(Brief) The word "రజలక" marks the lines to find; copy every such line from the data below.

______________________________

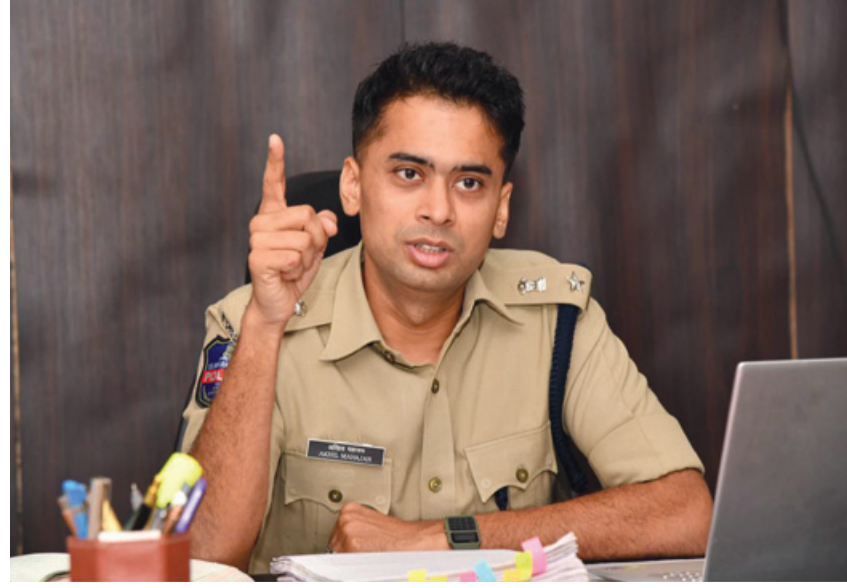
ఎర్రాబుల చేసే ఎలాంటి కార్యక్రమాలు ఆయన సరే నిర్వహించుకు తప్పని సరిగా పోలీసు అధికారులు నుండి ముందస్తు అనుమతులు తీసుకోవాలని, అలాగే ప్రజలకు ఇబ్బందులకు గురిచేసే విధంగా నిబంధనలకు విరుద్ధంగా డి జే లు, అధిక శబ్దం వచ్చే బాక్స్ లు ఏర్పాటు

రాజన్న సిరిసిల్ల, డిసెంబర్ 29 (నిఘా న్యూస్): సంతోషాల నడుమ నూతన సంవత్సర వేడుకలు నిర్వహించుకోవాలని జిల్లా ఎస్పీ ప్రజలకు సూచించారు. నూతన సంవత్సర వేడుకల సమీపిస్తున్న వేళ జిల్లా పరిధిలోని ప్రజలు ప్రశాంతమైన వాతవరణంలో ఎలాంటి అవాంఛనీయ సంఘటనలు జరగకుండా పోలీస్ శాఖ తరఫున భద్రత ఏర్పాటు చేయడం జరుగుతుందని తెలిపారు. డిసెంబర్ 31రోజున జిల్లా వ్యాప్తంగా పట్టణ, గ్రామీణ ప్రాంతాల్లోను ముమ్మరంగా డ్రంక్ అండ్ డ్రైవింగ్ తనిఖీలు నిర్వహించబడుతాయని, నూతన సంవత్సర వేడుకలు సందర్భంగా
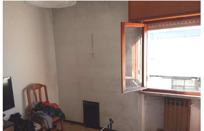
foto 16 - Particolare della parete sud del letto 1
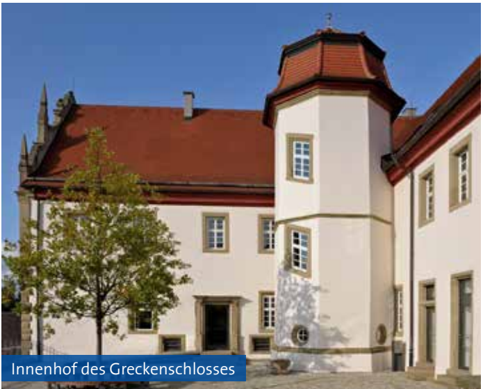
Innenhof des Greckenschlosses
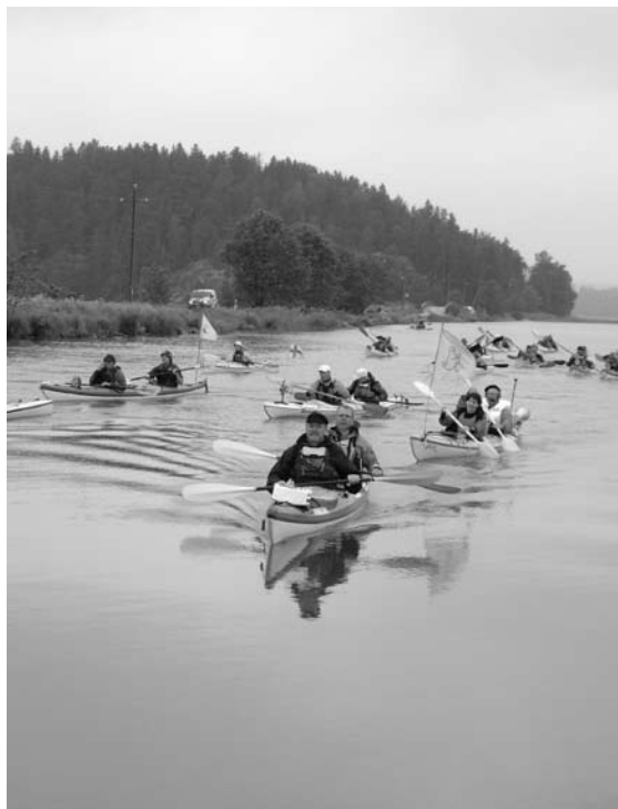
Suomi Meloo 2011. Kanootit halkovat tyylikkäästi tyyntä vedempintaa.

Vuosittain on järjestetty eri työyhteisöille TYKY – melontoja sekä peruskoululaisille melontaohjausta.
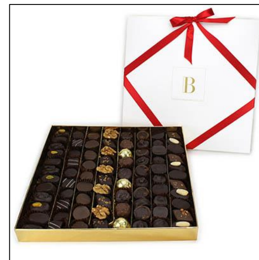
CARRÉ Taille 3 Poids : environ 800 g Prix : 103 €
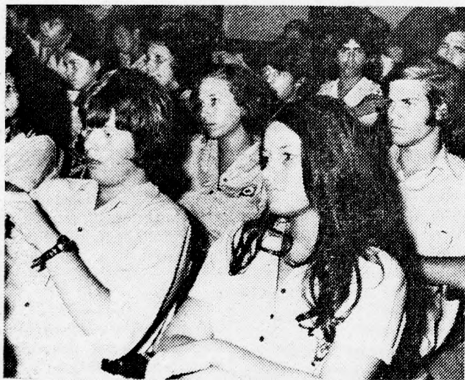
Az „Ifjuság az ifjuságért” szervezet tagjai a Bét Lessinben megtartott, klitaproblémákkal foglalkozó gyűlésen

A Bné Brit keretében működő „Ifjuság az ifjuságért” szervezettel-néki avívi körzetének tagjai tegnap közgyűlést tartottak, melyen a
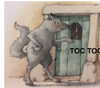
FRAPPE À LA PORTE frappe à la porte frappe à la porte

______________________________

(Finished exercise)
ఎర్రాబుల చేసే ఎలాంటి కార్యక్రమాలు ఆయన సరే నిర్వహించుకు తప్పని సరిగా పోలీసు అధికారులు నుండి ముందస్తు అనుమతులు తీసుకోవాలని, అలాగే ప్రజలకు ఇబ్బందులకు గురిచేసే విధంగా నిబంధనలకు విరుద్ధంగా డి జే లు, అధిక శబ్దం వచ్చే బాక్స్ లు ఏర్పాటు
రాజన్న సిరిసిల్ల, డిసెంబర్ 29 (నిఘా న్యూస్): సంతోషాల నడుమ నూతన సంవత్సర వేడుకలు నిర్వహించుకోవాలని జిల్లా ఎస్పీ ప్రజలకు సూచించారు. నూతన సంవత్సర వేడుకల సమీపిస్తున్న వేళ జిల్లా పరిధిలోని ప్రజలు ప్రశాంతమైన వాతవరణంలో ఎలాంటి అవాంఛనీయ సంఘటనలు జరగకుండా పోలీస్ శాఖ తరఫున భద్రత ఏర్పాటు చేయడం జరుగుతుందని తెలిపారు. డిసెంబర్ 31రోజున జిల్లా వ్యాప్తంగా పట్టణ, గ్రామీణ ప్రాంతాల్లోను ముమ్మరంగా డ్రంక్ అండ్ డ్రైవింగ్ తనిఖీలు నిర్వహించబడుతాయని, నూతన సంవత్సర వేడుకలు సందర్భంగా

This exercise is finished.